# [WORK REQUIRED]
With the pictures removed, write out the data below exactly.

╭─ SOURCE DATA

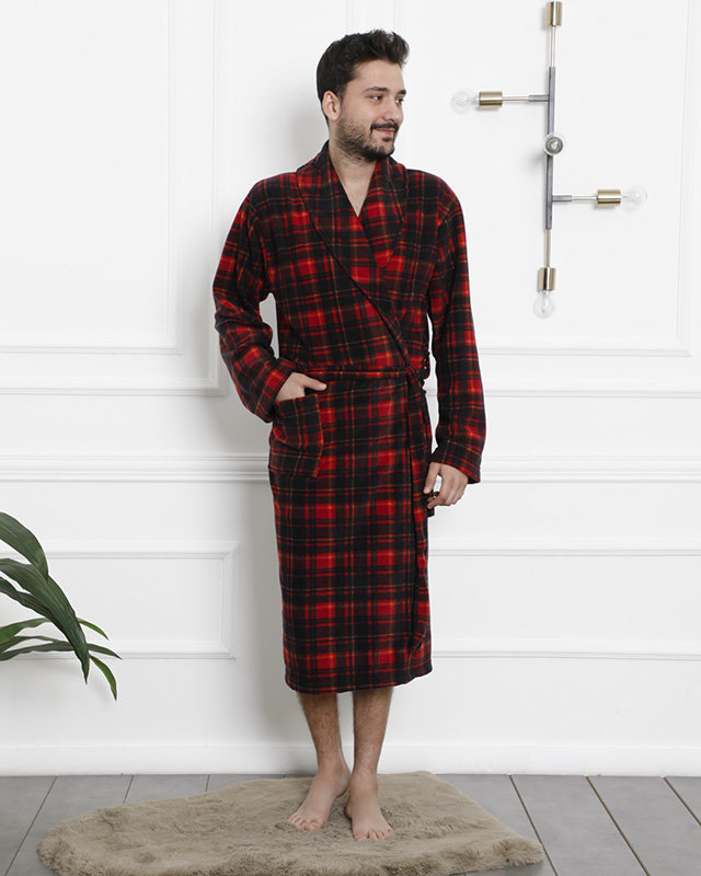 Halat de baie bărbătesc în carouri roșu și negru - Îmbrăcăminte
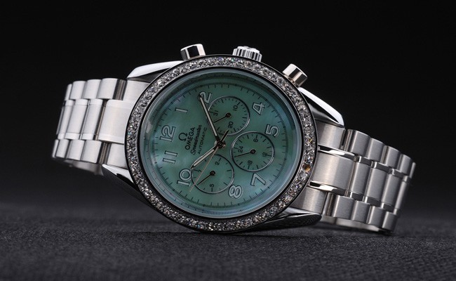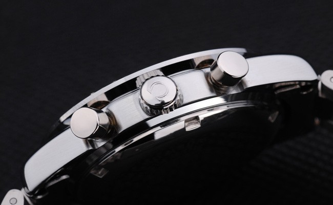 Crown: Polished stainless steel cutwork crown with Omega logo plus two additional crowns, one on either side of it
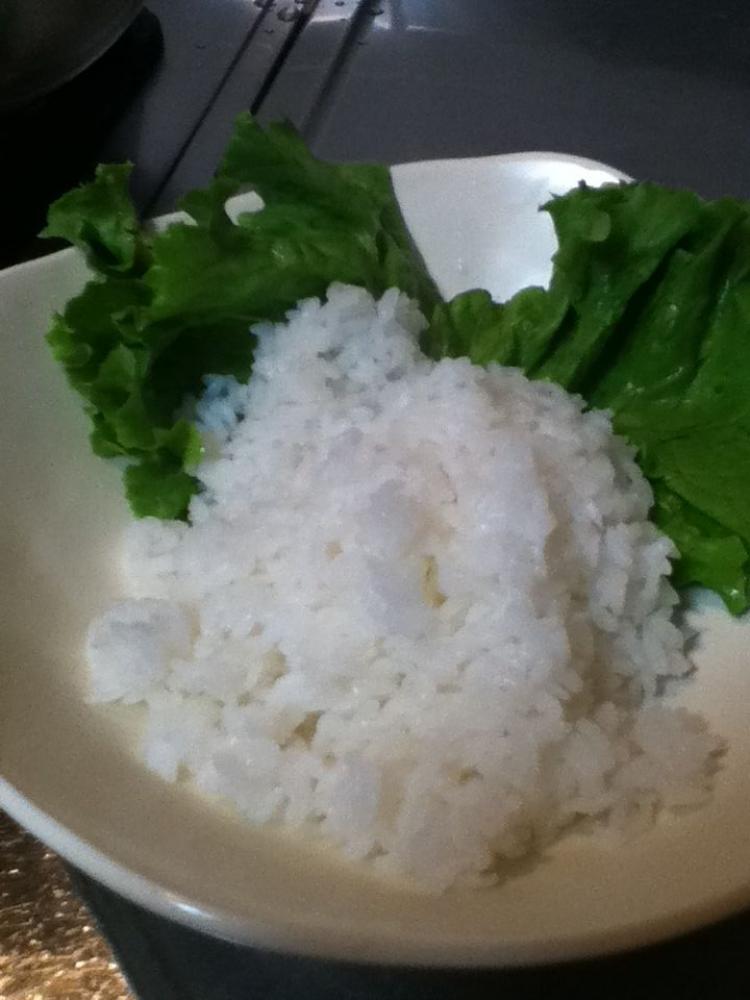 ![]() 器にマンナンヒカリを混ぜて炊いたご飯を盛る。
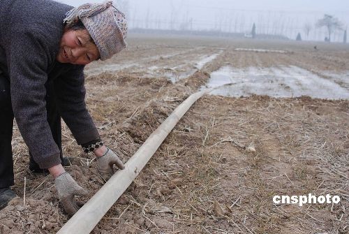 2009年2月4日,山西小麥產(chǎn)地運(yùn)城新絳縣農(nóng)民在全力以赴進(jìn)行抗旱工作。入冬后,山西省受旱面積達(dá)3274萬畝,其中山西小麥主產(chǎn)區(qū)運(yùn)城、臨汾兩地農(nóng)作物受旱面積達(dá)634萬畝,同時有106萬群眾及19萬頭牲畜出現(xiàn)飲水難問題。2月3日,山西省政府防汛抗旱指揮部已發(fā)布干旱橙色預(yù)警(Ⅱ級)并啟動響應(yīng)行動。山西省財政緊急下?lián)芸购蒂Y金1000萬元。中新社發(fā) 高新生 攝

╰─

# [EXPECTED OUTPUT]
 Halat de baie bărbătesc în carouri roșu și negru - Îmbrăcăminte
 Crown: Polished stainless steel cutwork crown with Omega logo plus two additional crowns, one on either side of it
 ![]() 器にマンナンヒカリを混ぜて炊いたご飯を盛る。
 2009年2月4日,山西小麥產(chǎn)地運(yùn)城新絳縣農(nóng)民在全力以赴進(jìn)行抗旱工作。入冬后,山西省受旱面積達(dá)3274萬畝,其中山西小麥主產(chǎn)區(qū)運(yùn)城、臨汾兩地農(nóng)作物受旱面積達(dá)634萬畝,同時有106萬群眾及19萬頭牲畜出現(xiàn)飲水難問題。2月3日,山西省政府防汛抗旱指揮部已發(fā)布干旱橙色預(yù)警(Ⅱ級)并啟動響應(yīng)行動。山西省財政緊急下?lián)芸购蒂Y金1000萬元。中新社發(fā) 高新生 攝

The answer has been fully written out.